Молчание цвета - страница 26



– Ты что, совсем дура?

Марго щелкнула его пальцами по лбу.

– Ага. Воруешь белье ты, а дура, значит, я!

Левон нахохлился, но промолчал. Он даже под пытками не стал бы признаваться сестре, до какой степени его волнует Марина: каждое ее движение, каждый жест, каждый поворот головы сковывали его дыхание и волю. Он познавал себя совсем по-новому, представляя, как она ходит по комнате с распущенными по плечам волосами, в чем-то прозрачном и легкомысленном, как наблюдает за садом, облокотившись на подоконник, и в низком вырезе ее платья теснятся груди. Когда он думал о ней, мысли и чувства обретали форму и окрашивались в чернильный фиолетовый. Они пахли – сладко и навязчиво – фиалками. По языку растекалась тягучая жижа, вязла на зубах, сводила судорогой гортань, обдавала жаром нутро, разбегалась мурашками по телу. Он прислушивался к себе, одновременно пугаясь и радуясь переменам, происходящим внутри, и осознавал, что никогда, никогда ему уже не быть прежним. Он был благодарен этим переменам, потому что прежним быть не хотелось и не моглось – детство захлопнулось, окуклилось, закончилось навсегда в тот невыносимый день, когда не стало Гево.

Пять: красный

Каждый раз, поднимаясь или спускаясь по лестнице, ведущей на второй этаж, Левон прикасался ладонью к темным кружочкам на стене.

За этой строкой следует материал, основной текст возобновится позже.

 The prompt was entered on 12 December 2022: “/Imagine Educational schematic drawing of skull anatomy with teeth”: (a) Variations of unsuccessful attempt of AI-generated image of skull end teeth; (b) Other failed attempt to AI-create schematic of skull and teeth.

– Боишься, что они исчезнут? – спросила однажды идущая следом Астхик.

Левон остановился, прислушался к себе, нерешительно кивнул и продолжил свой путь. Шаг-касание. Шаг-касание. Он сам не знал, зачем это делает. Ему казалось, что именно за этой стеной и остался навсегда Гево, и никакой галькой, никаким пирамидами его оттуда уже не выманить. Поднимаясь или спускаясь по лестнице, он непременно притрагивался к этим пятнам и воображал, что на месте касания распускаются большущие маки. И вертятся, словно пластиковые цветы на игрушке-ветрячке. Идешь вверх – они вертятся по часовой стрелке, идешь вниз – против часовой. Двенадцать ступенек, двенадцать ярко-алых маков.



– Пять, – пришептывал Левон, притрагиваясь к стене. – Пять.

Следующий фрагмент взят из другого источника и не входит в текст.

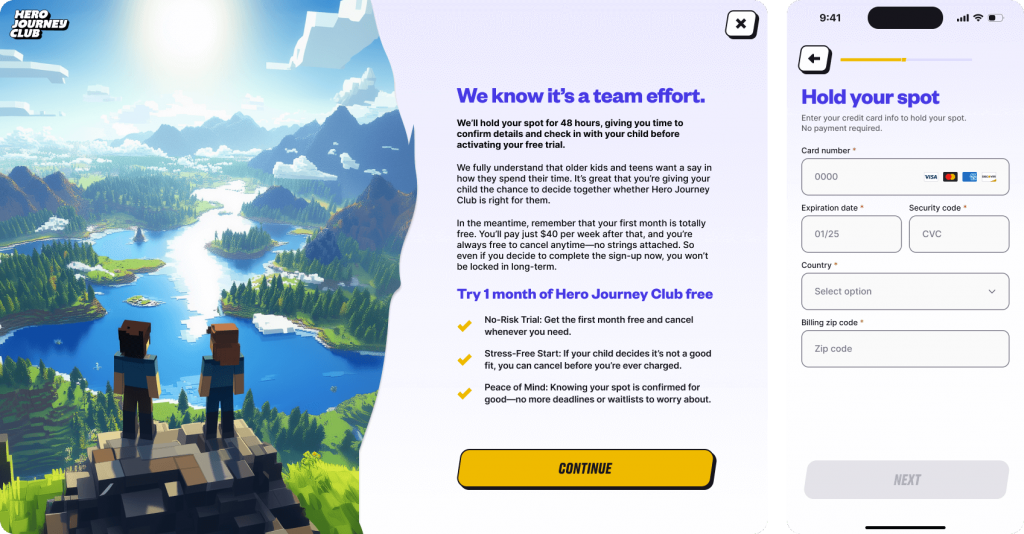 Through post-launch testing, we discovered an urgent, unexpected opportunity: despite the offer a of a free trial, many parents were hesitating to sign up for the program without first talking about it with their child.

Он не особо любил красный цвет, ассоциируя его со злостью и гневом. А иногда – и с беспомощностью. Но маковый алый был совсем другим – сияющим, утешительным, наполненным жизнью.

– Пять, – шептал Левон, ничуть не сомневаясь, что брат его слышит. По-другому ведь быть не могло.

Ашун умерла через два дня после Гево. Перестала есть, не вылезала из конуры. Скулила – жалобно, почти неслышно, словно только для себя. Потом умолкла. Никто не обращал на нее внимания – попереживает, отойдет, всем невыносимо. Но Ашун решила по-своему. Деду, который в свое время принес ее домой в шляпе, говорить о ее смерти не стали, чтоб еще больше не нагнетать – он пока не оправился от сердечного приступа, лежал в больничной палате, обмотанный проводами. Плакал по внуку, если не спал. Иногда и во сне плакал. Левону очень хотелось к нему, обнять, прижаться щекой к пахнущей табаком бороде, зарыться кулачками в его большие шершавые ладони… Но в палату никого, кроме бабушки, не пускали. Дома было суетно, некуда было приткнуться, чтобы обдумать и осознать свое собственное горе. Иногда Левон этому даже радовался – сутолока немного отвлекала. Женщины были заняты готовкой – бабушка настояла на том, чтобы поминальная трапеза состоялась дома. В больших кастрюлях тушилась ягнятина с овощами, разваривалась с копченым салом пшеница. Мелькали ножи, снимая с упитанных рыбьих боков серебристую стружку чешуи, пеклась соленая гата. Мужчины выносили из гостиной мебель, освобождая место для столов. Левон с охотой им помогал, старался. Его, как самого маленького и быстрого, часто гоняли в погреб – то за овощами, то за топленым маслом, то за мукой.